As much as you might never use this stuff - you can't get it right without
getting a lot of other stuff right and there is a definite correlation between
completeness of the 'object-ness' of the software and it's general quality.

So - Vectr? I can't even work out how to:

1\. Change the roundedness of rectangles

2\. Create any type of symbol or instance

Here's a sign of how crude it is - create a rounded rectangle and scale it in
the x direction. The corner curves themselves are scaled to create ugly
elliptical corners.

------
kentt
Plays audio when you load the page. Blacklisted this domain.

------
nailer
This is useful: I've been looking for a quality alternative to Sketch that
runs on Windows. Inkscape and Illustrator don't meet my threshold of quality.
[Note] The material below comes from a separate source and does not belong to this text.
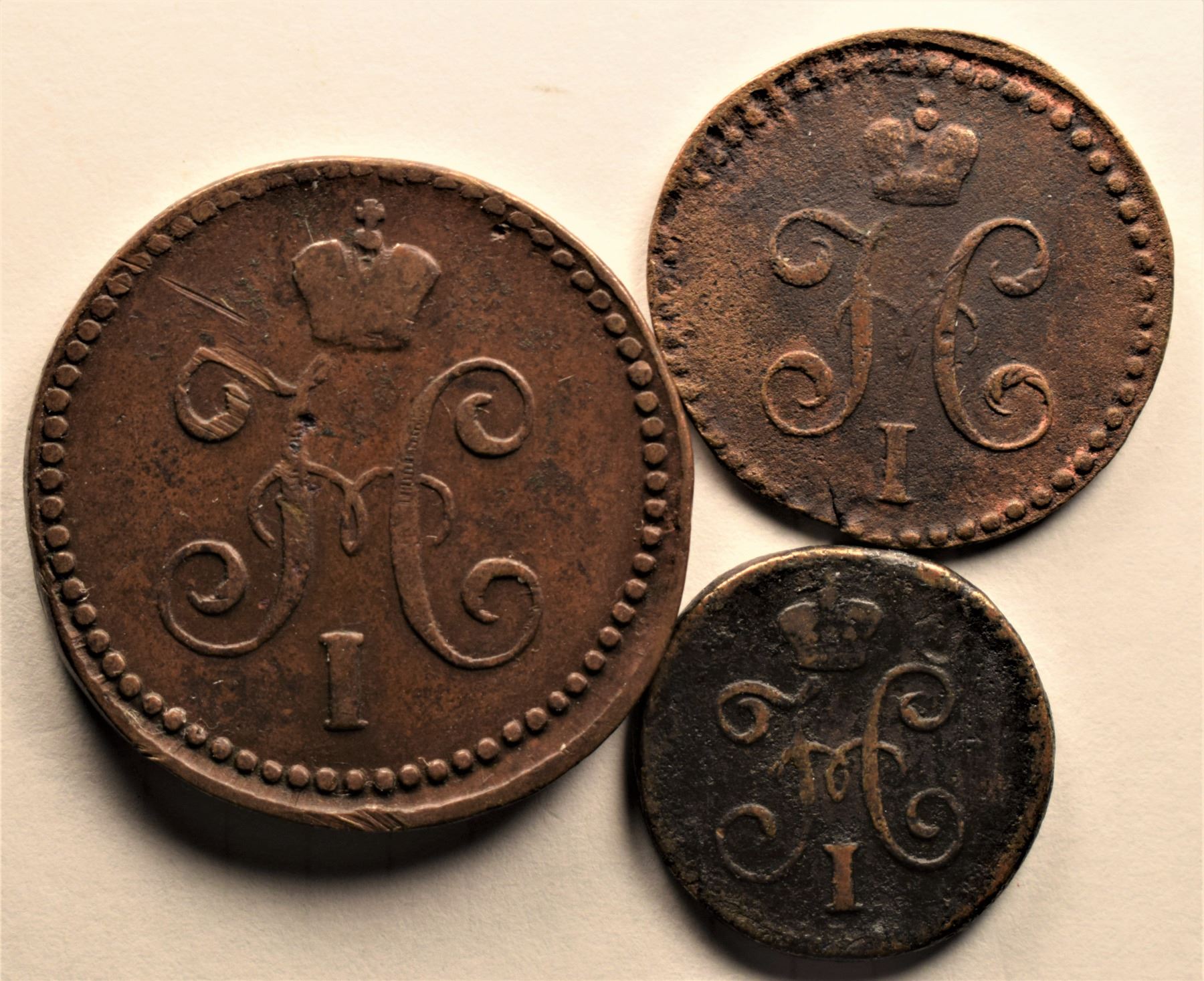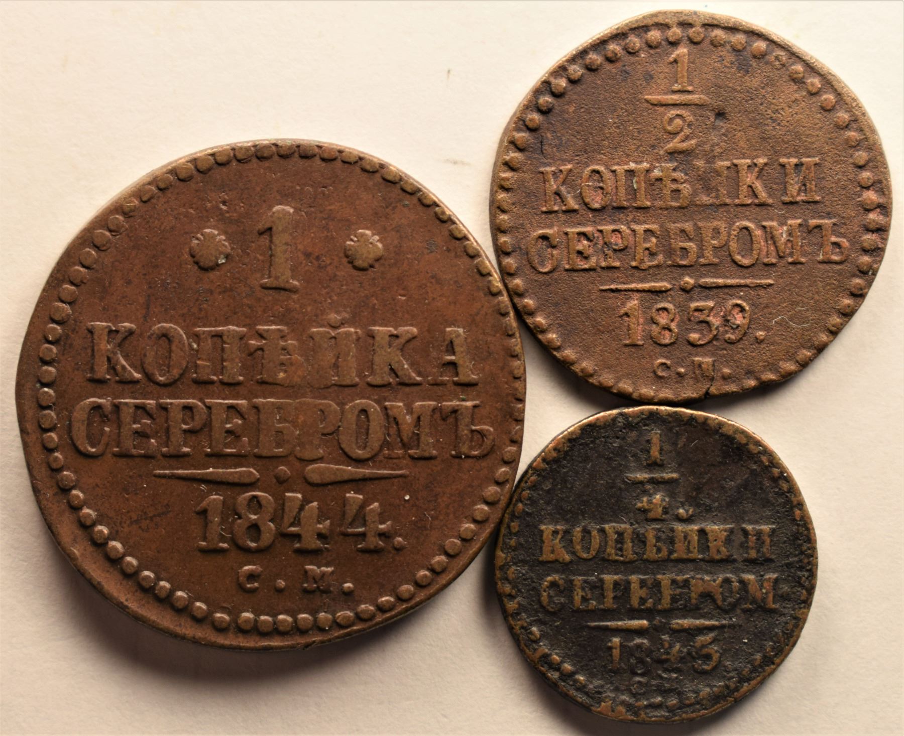 Russia, Polushka (¼ Kopek) 1845CM, ½ Kopek 1939CM (Key Date) and 1 Kopek 1844CM All Cooper Grades Choice F to VF+ (3)

That said: dang or his replacement, maybe change the title to something more
useful? 'vectr (new cross platform vector editor) is out of beta'

------
cyborgx7
I'm not usually one to complain about names like tumblr that omit the last
vowel before the ending r, but those usually omit an e. For some reason
omiting an o this way makes my brain stumble over it, every time it reads the
name.

------
johnhenry
As a free vector editor, I can't help but wonder how this compares to
[https://inkscape.org/en/](https://inkscape.org/en/)?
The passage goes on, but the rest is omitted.